Why did you cut the square in the middle?

You should be able to reach everything from the sides?


----------



## Dano (Aug 26, 2012)

big ed said:


> Why did you cut the square in the middle?
> 
> You should be able to reach everything from the sides?


One side goes against the window and one end against the wall and the other sides have shelving against them about two feet over the height of the table. Impossible to get to all of it without the hatch, I will be able to remove it and come up underneath.
Dan.


----------



## California RailFan508 (Jul 2, 2013)

Looks good so far. Should be interesting to see the completed package when it is finished.


----------



## Dano (Aug 26, 2012)

The whole idea is to make it interesting viewing at about 30 t0 36 inches altitude (the height of your average two to three year old) across the table with the cross-over at the back. I am going to cut in a 'river' somewhere so I can add a bridge. I have a flagman to put some where and maybe a semaphore or lights.


----------



## Dano (Aug 26, 2012)

So I have it in the window and tested. I have the controller at the counter with a 30' lead to the layout, the only drawback is that I can't see the train! Will have to install a mirror over it somewhere.


----------



## eljefe (Jun 11, 2011)

Is this in a toy store? Looks like a bunch of toy trucks for sale in the background!


----------



## DonR (Oct 18, 2012)

And it ain't even Christmas...oh to be walking down a
downtown sidewalk and encounter a real running
electric train in the window...Good on you. :appl:

Don


----------



## Dano (Aug 26, 2012)

Yep, I own a small hobby store. It is always Christmas in my world!


----------



## Dano (Aug 26, 2012)

I got a 2055 the other day and tuned it up and got it dragging the consist around the window display today. There is nothing like smelling 60 year old smoke pellet residue to clear your sinuses!


----------



## Big Ed (Jun 16, 2009)

Did it lure in any new customers?


----------



## Dano (Aug 26, 2012)

Since I put in the '0' display I have had to restock 'N' sets twice. Go figure!


----------



## Nuttin But Flyer (Dec 19, 2011)

Looks like a vintage Plasticville Town Hall front and center.


----------



## Dano (Aug 26, 2012)

The town hall is a modern repro. The station in the background is vintage Marx. The look is still a bit bare, I am still adding bits in, the Christmas village will land in the centre around about Nov.


----------



## Big Ed (Jun 16, 2009)

Dano said:


> Since I put in the '0' display I have had to restock 'N' sets twice. Go figure!

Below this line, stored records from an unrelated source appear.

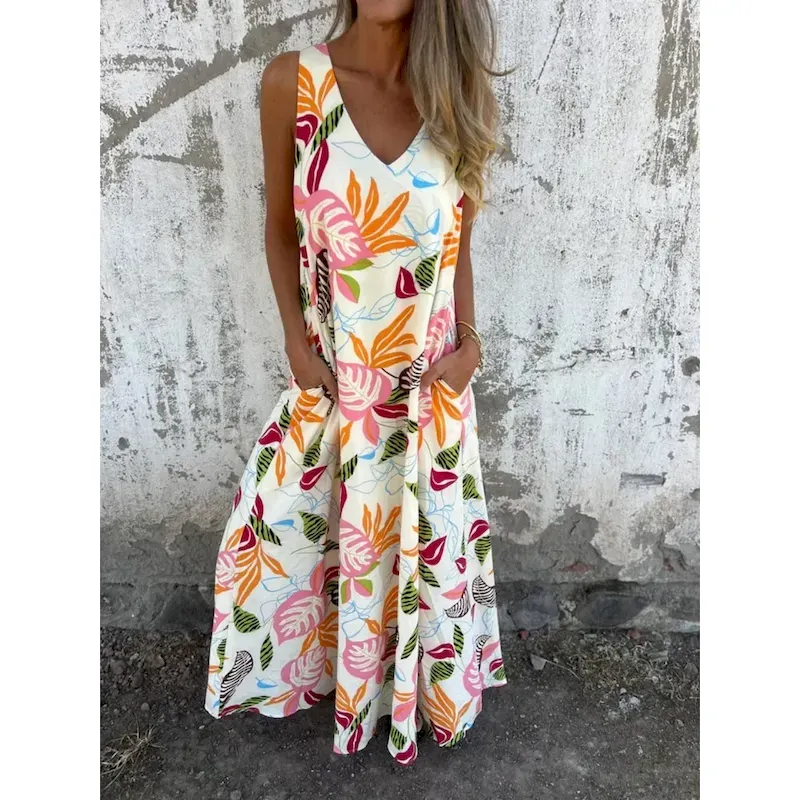 Women’s Maxi Dress A Line Dress Slip Dress Vacation Casual Boho Outdoor Going out Regular Fit Floral Sleeveless V Neck Blue Apricot Beige Summer 2025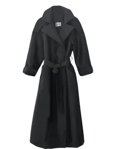 Drama for days. This timeless trench coat is made in a stunning light blue dupioni fabric which is light as a feather but keeps its shape. The trench coat floats on the body giving a soft but structured feel. Slightly oversized and designed for travel, it is a great layering piece. To be worn over suiting, eveningwear, or we love how it adds a stylish twist to simple denim or even lace. Large collar stand, Classic trench styling, Raglan sleeves, Tabs with button for adjusting on cuffs, Oversized Epaulette (tabs) on shoulders, Double breasted; keyhole button holes, Extra long self tie belt, 100% Polyester, dry clean only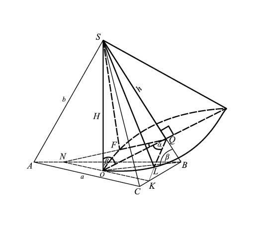 где 2a - центральный угол кругового сектора. Нам остается лишь выразить и через сторону основания a пирамиды и двугранный угол a. Из прямоугольного треугольника , в котором , найдем, что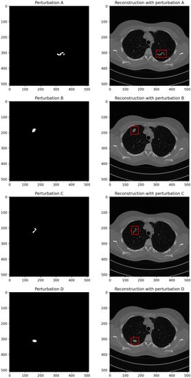 Based on the medical atlas [], four reconstruction perturbations (pathologies) for the reconstructed images were formed. The perturbations corresponded to the airway involution and obstruction. These four perturbations were added to reconstructed images to construct ground truth for the L-BFGS algorithm. In (10), these perturbations are . Perturbations and examples of their addition to the reconstructed image are shown in Figure 5. Simulated perturbations are binary masks without internal structure and these perturbations are placed in different parts of the lungs and have different shapes and sizes. These specific pathologies are relatively small and have simple inner structure; hence, they were chosen for the simulation. The localization of the simulated perturbations allows for a minimal distortion of the sinogram to ensure reproducibility. Images A and C show resuscitation and obstruction of the airways. This may be the sole sign of infection, typical for a viral one, such as in this example of a patient with a rhinovirus infection. Images B and D show asymmetric central bronchiectasis and mucoid occlusion, which is characteristic of allergic bronchopulmonary aspergillosis and tuberculosis. When calculating our task-oriented robustness score (11), these reconstruction perturbations acted as .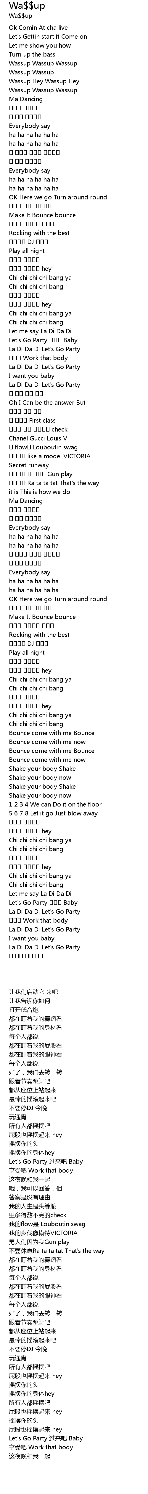| [00:12.38] | Wassup Hey Wassup Hey |

Ha Ha ha, when you planned the display maybe it would have been better to put the O on a outside line, then put in an HO, then an N scale.

Give them the best of all worlds.
I wouldn't care what sold as long as they sold.


----------



## cole226 (Feb 8, 2013)

it's good to see an old time window train display again.
when i was a kid there were several places around that had year round displays, lots more for xmas.
pretty much all gone now. 
heck, lot of the hobby shops don't sell trains or very limited stock. not usually much for the modeler.
and now we're losing our train stores. the cursed ebay.:dunno:


----------



## Dano (Aug 26, 2012)

big ed said:


> Ha Ha ha, when you planned the display maybe it would have been better to put the O on a outside line, then put in an HO, then an N scale.
> 
> Give them the best of all worlds.
> I wouldn't care what sold as long as they sold.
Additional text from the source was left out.